LAMBSDORFF-Interview: Trump gießt Öl ins Feuer

Der stellvertretende FDP-Fraktionsvorsitzende Alexander Graf Lambsdorff gab „saarbruecker-zeitung.de“ das folgende Interview. Die Fragen stellte Stefan Vetter:

Frage: Der US-Präsident spricht von „Terrorismus“ auf Amerikas Straßen. Wie bewerten Sie die Lage?

Lambsdorff: Wir kennen brutale Polizeieinsätze gegen Afroamerikaner mit tödlichen Folgen schon aus der Vergangenheit. Auch Unruhen gab es immer wieder. Ich finde die Proteste mehr als verständlich, denn Rassismus ist in den USA leider noch immer sehr präsent. Neu ist aber, dass jetzt radikale Gruppen jeder Couleur die Proteste vereinnahmen und die Gewalt gezielt verstärken. Die Polarisierung in den USA wird damit noch stärker, zumal auch der US-Präsident weiter Öl ins Feuer gießt.

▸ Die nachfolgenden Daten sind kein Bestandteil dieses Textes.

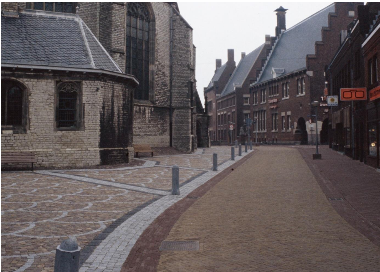
Foto 14. Bij de Koorstraat is geen genuanceerde bestrating aangebracht maar is het verschil tussen gele en rode steen gebruikt om de doorgaande rijweg te markeren; goed aansluitend op de sierbestrating rond de Grote Kerk

Frage: Der US-Präsident will notfalls das Militär in Marsch setzen. Ein typischer Trump?

Lambsdorff: Ja. Trump bezeichnet demokratische Gouverneure und Bürgermeister als Schlappschwänze, die es nicht schafften, der Gewalt Herr zu werden. Die Rechtslage erlaubt übrigens den Militäreinsatz. Nach dem Aufstandsgesetz von 1807 bedarf es dazu nicht der Zustimmung einzelner Bundesstaaten. Sollte Trump aber wirklich davon Gebrauch machen, ist die weitere Eskalation der Lage programmiert. Der Präsident könnte sich dann als starker Mann präsentieren. Seine Anhänger würden das schätzen.

Frage: Welche Rolle spielt die Corona-Krise in der aktuellen Situation?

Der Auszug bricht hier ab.